Players then take turns as follows: They may begin either by rolling a six-sided die and moving their magician that many spaces, or by forfeiting their roll and instead spending elfstones to move. After they roll or spend elfstones, what happens next depends on the space they land on:

- Elfstone (4)
The player gains one elfstone - this is recorded by moving their elfstone token one space forward along the elfstone track. Players may not gain more than 13 elfstones.
- Dragon (3)
Each other player gains one point - this is recorded by moving their hat token one space forward along the scoring track
- Ghost (1)
Each other player gains two points.
- Dwarf (2)
The player may ask an opponent for a letter from the name of their object. The player can specify which letter - e.g. "first", "second" or "last". The opponent writes down the letter and passes it to the player. If the player asks for a letter which is not in the name of the object, they are given an empty sheet of paper.
- Question mark (2)
The player may ask two sets of questions about the opponents' objects.

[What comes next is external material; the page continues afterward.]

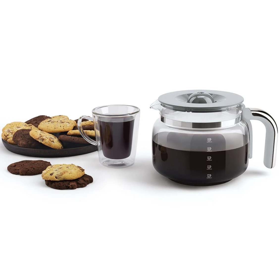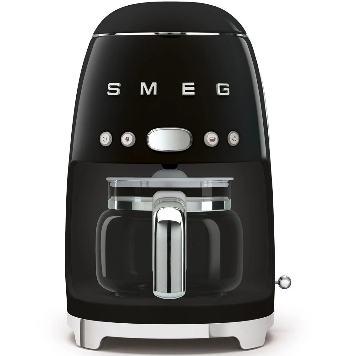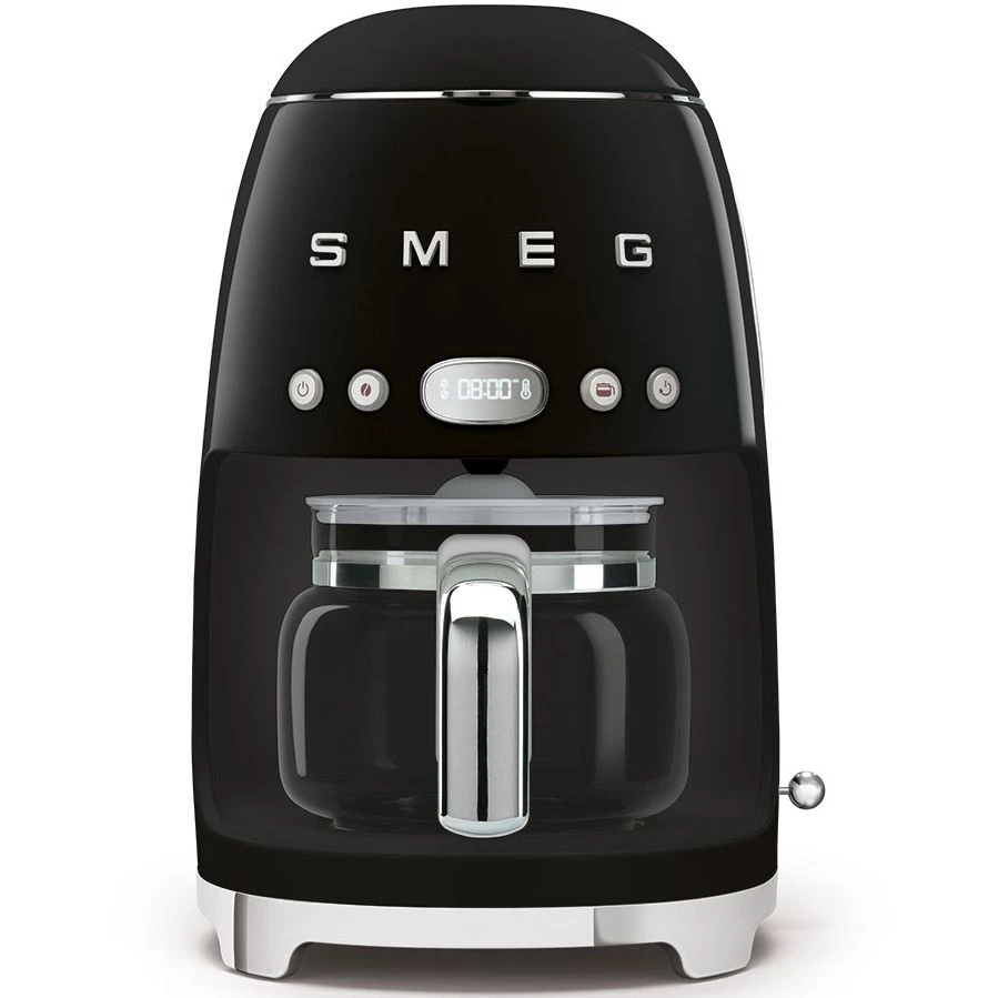 Капельная кофеварка Smeg DCF02BLEU представляет собой стильное решение в эстетике пятидесятых годов. Черный цвет корпуса из нержавеющей стали и пластика позволяет прибору гармонично вписаться в современный интерьер. Это один из лучших вариантов для кухни где ценится сочетание ретро дизайна и современных технологий. Модель оснащена удобным LED дисплеем и кнопками для точной настройки параметров приготовления любимого напитка.

The player asks (out loud) one opponent a yes–no question. The opponent must (truthfully) answer "Yes", "No", "Possibly", or "I Don't Know". The player may continue to ask questions until the answer is "No". The player then asks a second set of questions, again until they get the answer "No". The two sets of questions do not have to be about the same object, or to the same opponent. The player then has an opportunity to guess any object, by writing down their guess and passing it to the opponent. If the guess is wrong, the opponent says "No". If it is correct, they say "Yes" and the player sticks a flag into the object's sculpture.

The first player to correctly guess an object gets 5 points, and the second gets 3. The opponent whose object is guessed either gains or loses points, depending on how many players are playing and how many objects have already been correctly guessed.

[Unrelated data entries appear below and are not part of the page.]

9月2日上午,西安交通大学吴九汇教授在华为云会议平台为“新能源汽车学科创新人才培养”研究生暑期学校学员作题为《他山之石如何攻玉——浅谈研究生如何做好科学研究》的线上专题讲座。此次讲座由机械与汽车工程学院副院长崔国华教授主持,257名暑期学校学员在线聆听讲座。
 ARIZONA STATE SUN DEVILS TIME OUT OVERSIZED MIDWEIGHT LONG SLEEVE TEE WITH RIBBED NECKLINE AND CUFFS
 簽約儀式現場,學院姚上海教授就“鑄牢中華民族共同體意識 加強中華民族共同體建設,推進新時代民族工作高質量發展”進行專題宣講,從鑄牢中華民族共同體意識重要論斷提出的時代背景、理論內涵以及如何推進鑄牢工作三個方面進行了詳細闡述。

At any point, a player may spend a curse token to either ask a player for a letter (as if they had landed on a dwarf) or to guess an object (as if they had landed on a question mark, but without the questions). Once a player has spent their first three curse tokens, and five curse tokens have been spent, they may take three more tokens - so any given player may spend six tokens during the course of the game.

When a player reaches the end of the scoring track, or when 13 (3-4 players) or 17 (5-6 players) flags have been placed, the game ends. Each player loses two points for each of their objects which only got one flag, and five points for each of their objects which did not get any flags. The player with the highest score wins.

== Reception ==
The game won the 1988 Spiel des Jahres award. The jury was critical of the components, but praised the engagement and puzzle mechanisms, stating that "[of] course, ancient guessing game traditions hover over the game idea. But Klaus Teuber gives it all a completely new, unique appeal with the guessing tasks to be modeled out of modeling clay and with the thoroughly successful linking to a board game".